■ RECORDED DATA:
● ● ● ●

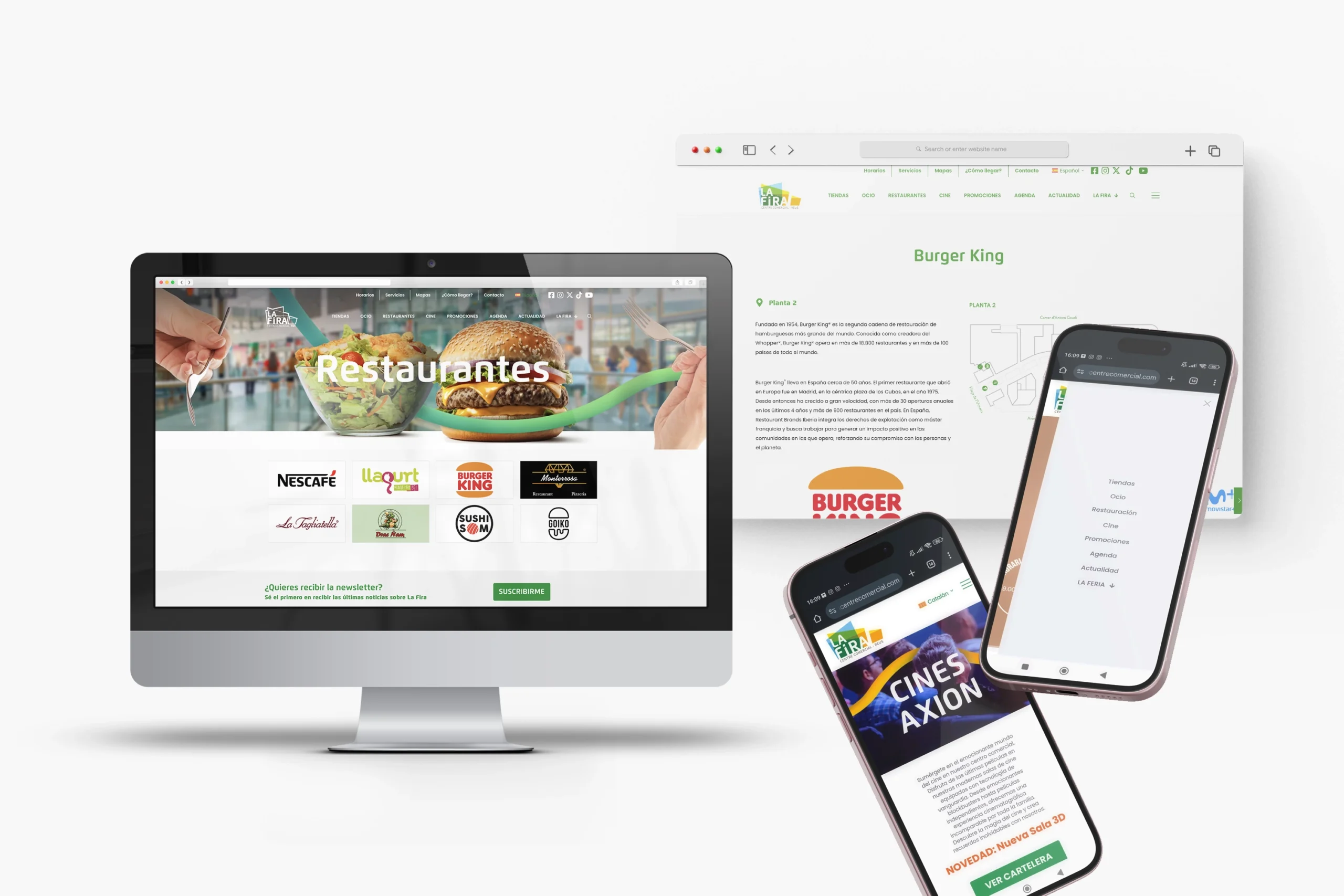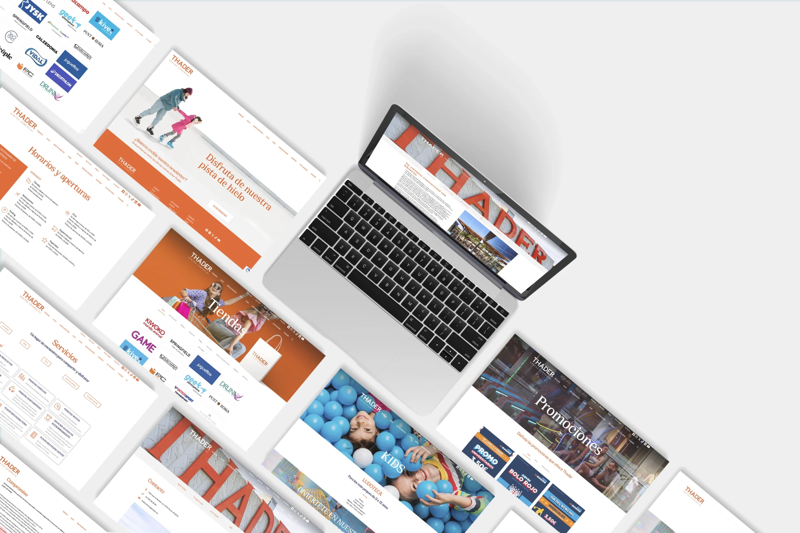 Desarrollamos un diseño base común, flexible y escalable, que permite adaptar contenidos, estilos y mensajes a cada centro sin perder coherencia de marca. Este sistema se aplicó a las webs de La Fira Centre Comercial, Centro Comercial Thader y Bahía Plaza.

● ● ● ●

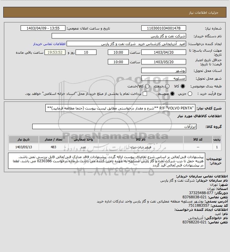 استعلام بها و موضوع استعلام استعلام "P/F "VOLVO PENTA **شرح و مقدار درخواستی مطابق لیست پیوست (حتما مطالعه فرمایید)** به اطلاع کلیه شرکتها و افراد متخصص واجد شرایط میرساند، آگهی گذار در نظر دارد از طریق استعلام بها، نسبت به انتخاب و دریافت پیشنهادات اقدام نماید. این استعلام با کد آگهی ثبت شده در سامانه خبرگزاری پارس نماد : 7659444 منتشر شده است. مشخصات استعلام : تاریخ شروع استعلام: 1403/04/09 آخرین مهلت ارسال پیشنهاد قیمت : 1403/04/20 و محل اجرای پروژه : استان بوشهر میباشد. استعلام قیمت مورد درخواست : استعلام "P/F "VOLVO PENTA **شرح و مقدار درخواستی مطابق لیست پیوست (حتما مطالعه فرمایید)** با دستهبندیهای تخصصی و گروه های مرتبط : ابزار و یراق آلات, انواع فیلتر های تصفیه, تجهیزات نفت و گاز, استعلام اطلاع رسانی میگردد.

● ● ● ●

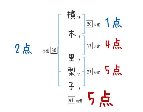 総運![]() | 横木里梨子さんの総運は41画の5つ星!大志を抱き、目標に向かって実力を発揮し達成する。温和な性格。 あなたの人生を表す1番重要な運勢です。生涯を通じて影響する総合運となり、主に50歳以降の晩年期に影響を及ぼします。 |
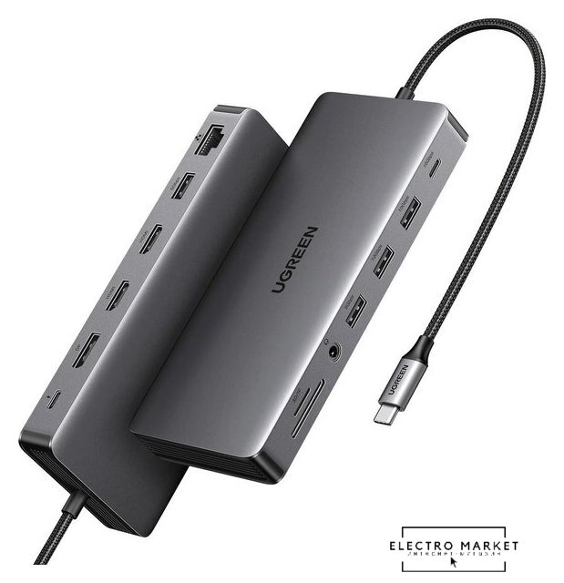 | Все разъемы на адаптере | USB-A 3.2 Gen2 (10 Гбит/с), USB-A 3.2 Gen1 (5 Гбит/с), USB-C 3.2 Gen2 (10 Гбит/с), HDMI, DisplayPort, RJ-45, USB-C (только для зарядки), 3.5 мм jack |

● ● ● ●

■ TO DO: Using the records above, repeat exactly the run of lines that starts with the line with "総運![]() | 横木里梨子さんの総運は41画の5つ星!大志を抱き、目標に向かって実力を発揮し達成する。温和な性格。" and goes on through the line with "3.5 мм jack |"; omit each picture.

■ RESULT BELOW:
 総運![]() | 横木里梨子さんの総運は41画の5つ星!大志を抱き、目標に向かって実力を発揮し達成する。温和な性格。 あなたの人生を表す1番重要な運勢です。生涯を通じて影響する総合運となり、主に50歳以降の晩年期に影響を及ぼします。 |
 | Все разъемы на адаптере | USB-A 3.2 Gen2 (10 Гбит/с), USB-A 3.2 Gen1 (5 Гбит/с), USB-C 3.2 Gen2 (10 Гбит/с), HDMI, DisplayPort, RJ-45, USB-C (только для зарядки), 3.5 мм jack |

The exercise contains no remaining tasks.